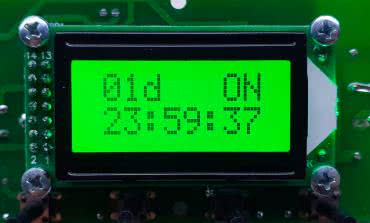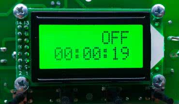 Widok ekranu w trakcie odliczania czasu działania jest na fotografii 2, zaś czasu wyłączenia na fotografii 3. W prawym górnym rogu widać aktualny stan urządzenia (ON/OFF) zasilanego poprzez wbudowany w układ przekaźnik. Na dole ekranu jest pozostały czas w formacie hh:mm:ss. Dodatkowo, na ekranie załączenia jest pokazywana również pozostała liczba dni (lewy górny róg). Po wciśnięciu przycisku ustawiania (S3 lub S4) pojawia się zadana ilość czasu do odmierzania oraz, dla odróżnienia od zwykłej pracy, literka „S” (od „set”) na górze ekranu.
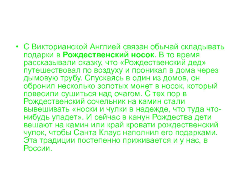 Слайд 7С Викторианской Англией связан обычай складывать подарки в Рождественский носок.
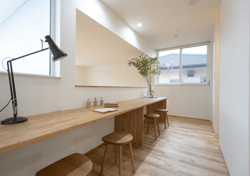2階の廊下は長いカウンターを設けて勉強スペースに
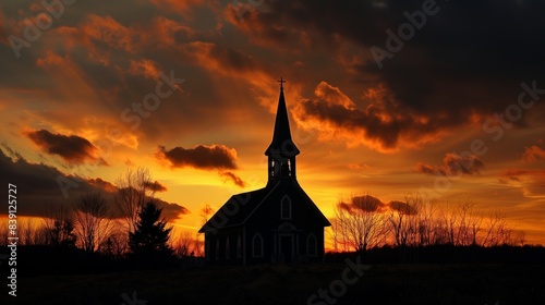 Obraz premium A quaint countryside church silhouetted against the warm glow of sunset, its...
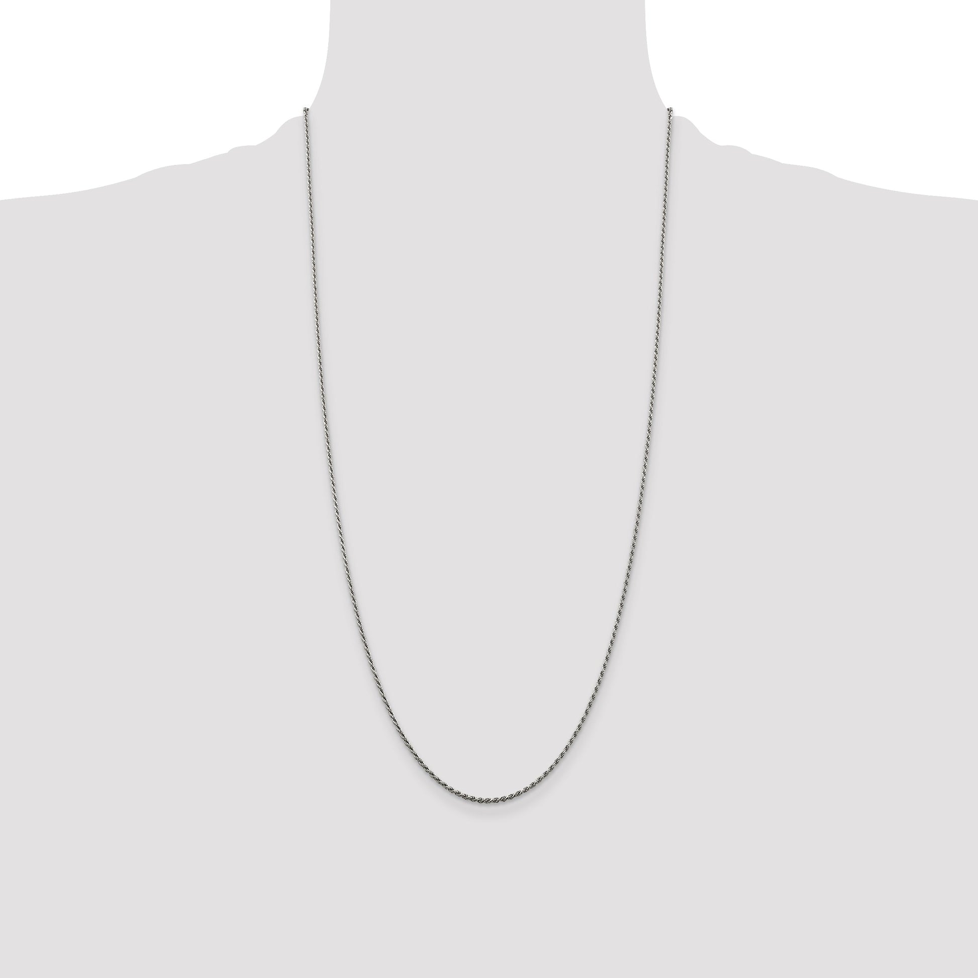 The 28 Inch Sterling Silver Rhodium-Plated 1.5mm Diamond-Cut Rope Chain beautifully encapsulates timeless elegance. Crafted from 925 sterling silver, this chain displays a dazzling rhodium finish that resists tarnishing. The diamond-cut texture enhances its sparkle, catching the light with every move. Measuring 28 inches in length and 1.5mm in width, it lies comfortably around the neck, making it perfect for layering or stand-alone wear. A solid lobster clasp ensures a secure fit, while its machine-made precision guarantees lasting durability. Choose the 28 Inch Sterling Silver Rhodium-Plated 1.5mm Diamond-Cut Rope Chain for a touch of sophistication in any outfit.

·····

Print each entry precisely as written; the pictures stay out.

**Expected answer**
 Widok ekranu w trakcie odliczania czasu działania jest na fotografii 2, zaś czasu wyłączenia na fotografii 3. W prawym górnym rogu widać aktualny stan urządzenia (ON/OFF) zasilanego poprzez wbudowany w układ przekaźnik. Na dole ekranu jest pozostały czas w formacie hh:mm:ss. Dodatkowo, na ekranie załączenia jest pokazywana również pozostała liczba dni (lewy górny róg). Po wciśnięciu przycisku ustawiania (S3 lub S4) pojawia się zadana ilość czasu do odmierzania oraz, dla odróżnienia od zwykłej pracy, literka „S” (od „set”) na górze ekranu.
 Слайд 7С Викторианской Англией связан обычай складывать подарки в Рождественский носок.
2階の廊下は長いカウンターを設けて勉強スペースに
 Obraz premium A quaint countryside church silhouetted against the warm glow of sunset, its...
 The 28 Inch Sterling Silver Rhodium-Plated 1.5mm Diamond-Cut Rope Chain beautifully encapsulates timeless elegance. Crafted from 925 sterling silver, this chain displays a dazzling rhodium finish that resists tarnishing. The diamond-cut texture enhances its sparkle, catching the light with every move. Measuring 28 inches in length and 1.5mm in width, it lies comfortably around the neck, making it perfect for layering or stand-alone wear. A solid lobster clasp ensures a secure fit, while its machine-made precision guarantees lasting durability. Choose the 28 Inch Sterling Silver Rhodium-Plated 1.5mm Diamond-Cut Rope Chain for a touch of sophistication in any outfit.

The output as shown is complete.